Exercise description - Leave out any pictures and transcribe all other data below exactly.

Given data -

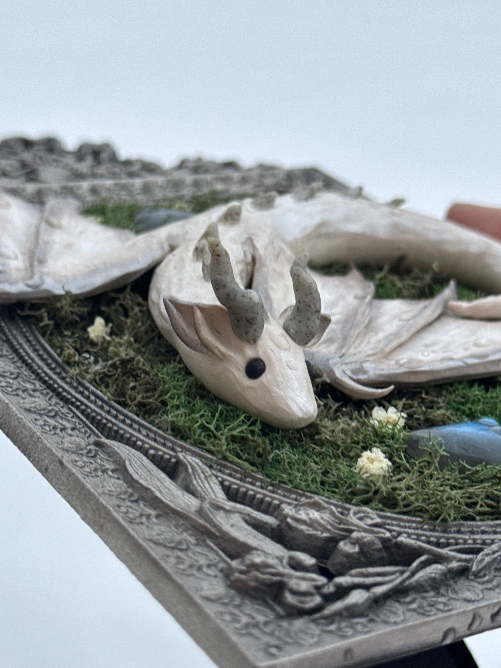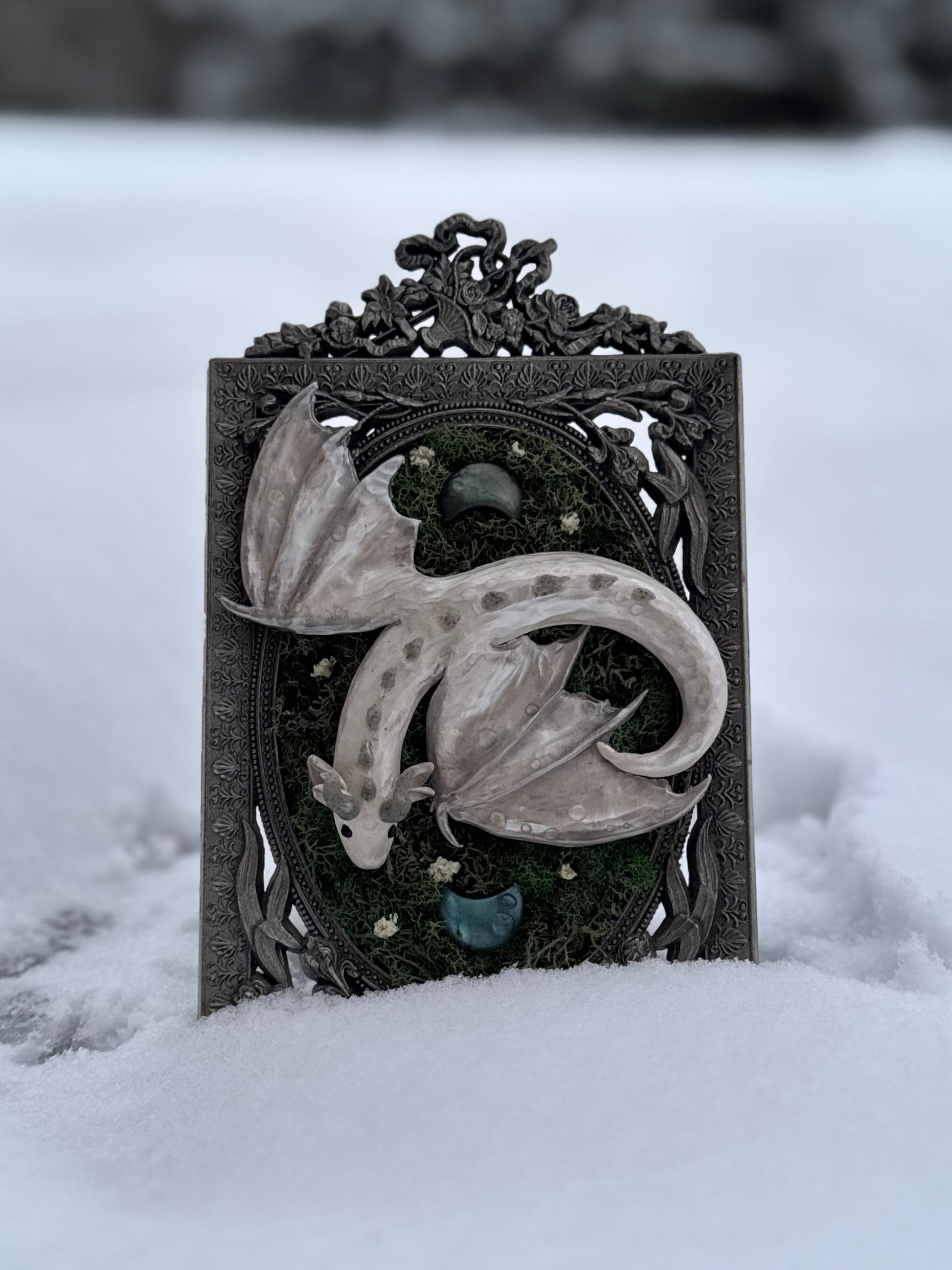 This silver winged baby dragon sits on a vintage silver frame adorned with two labradorite moons over a bed of preserved moss and baby’s breath. Facing downwards this little guy would look best on a higher shelf.
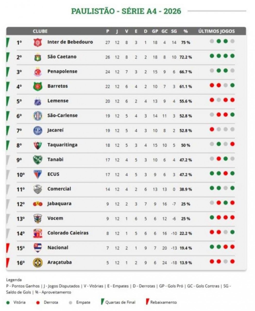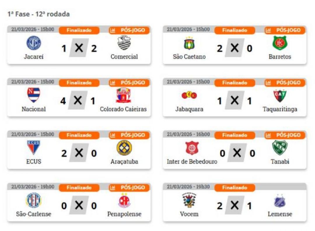 Outros resultados também impactaram o cenário: o Nacional goleou o Colorado Caieiras por 4 a 1, o ECUS venceu o Araçatuba por 2 a 0, enquanto Jabaquara e Taquaritinga empataram em 1 a 1. No complemento da rodada, o Vocem superou o Lemense por 2 a 1, embolando ainda mais a disputa pelas posições intermediárias.
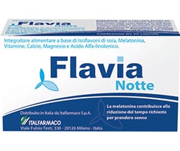 Integratore alimentare che combina estratto di soia (titolato al 40% in isoflavoni di soia), melatonina, vitamine (acido folico, vitamina D, vitamine B6 e B12), minerali (calcio, magnesio) e acido alfa-linolenico. Flavia Notte aiuta a soddisfare le esigenze nutrizionali della donna in menopausa.
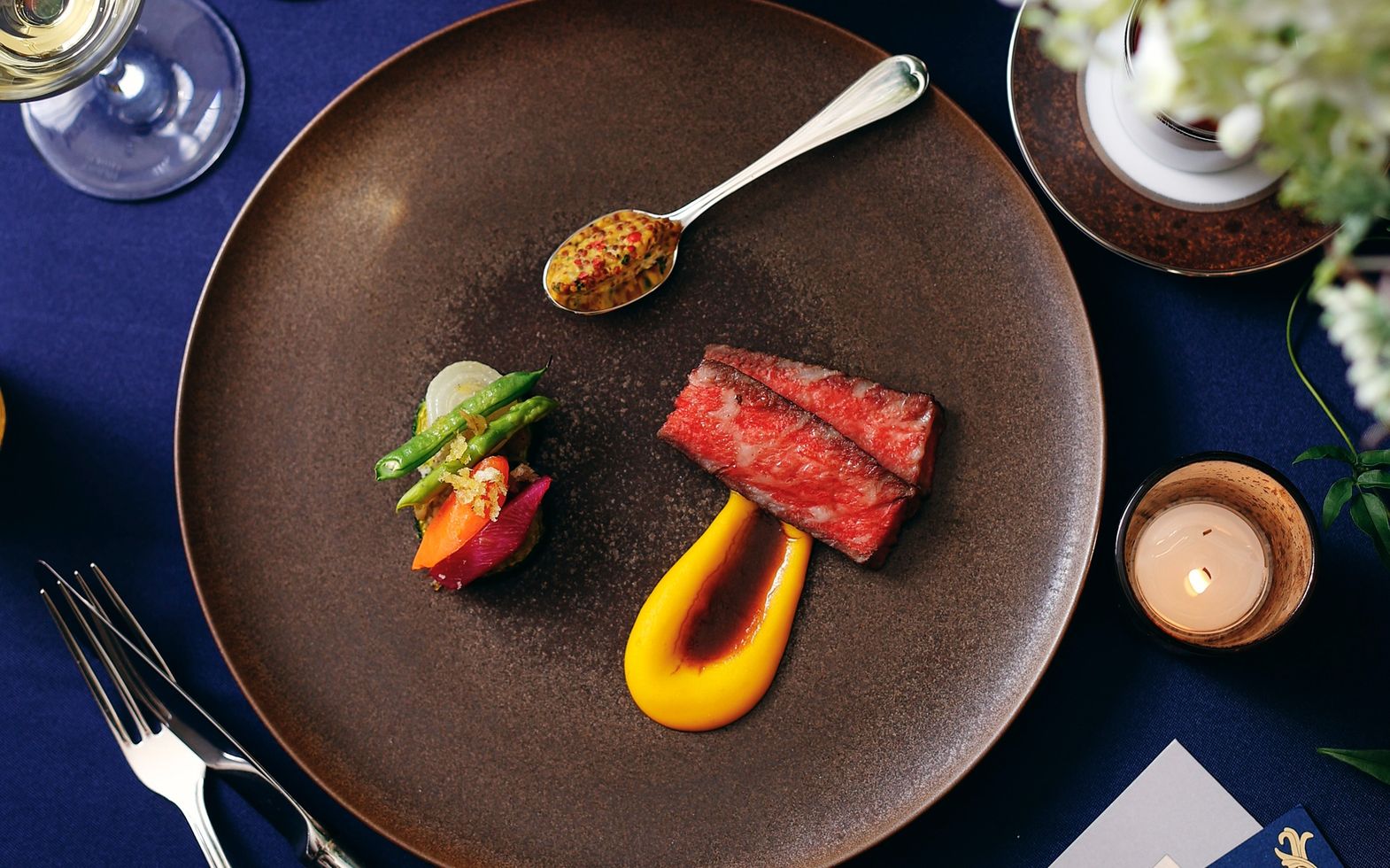 ホテル内レストランで婚礼用にあしらわれた特別コース

Written answer -
 This silver winged baby dragon sits on a vintage silver frame adorned with two labradorite moons over a bed of preserved moss and baby’s breath. Facing downwards this little guy would look best on a higher shelf.
 Outros resultados também impactaram o cenário: o Nacional goleou o Colorado Caieiras por 4 a 1, o ECUS venceu o Araçatuba por 2 a 0, enquanto Jabaquara e Taquaritinga empataram em 1 a 1. No complemento da rodada, o Vocem superou o Lemense por 2 a 1, embolando ainda mais a disputa pelas posições intermediárias.
 Integratore alimentare che combina estratto di soia (titolato al 40% in isoflavoni di soia), melatonina, vitamine (acido folico, vitamina D, vitamine B6 e B12), minerali (calcio, magnesio) e acido alfa-linolenico. Flavia Notte aiuta a soddisfare le esigenze nutrizionali della donna in menopausa.
 ホテル内レストランで婚礼用にあしらわれた特別コース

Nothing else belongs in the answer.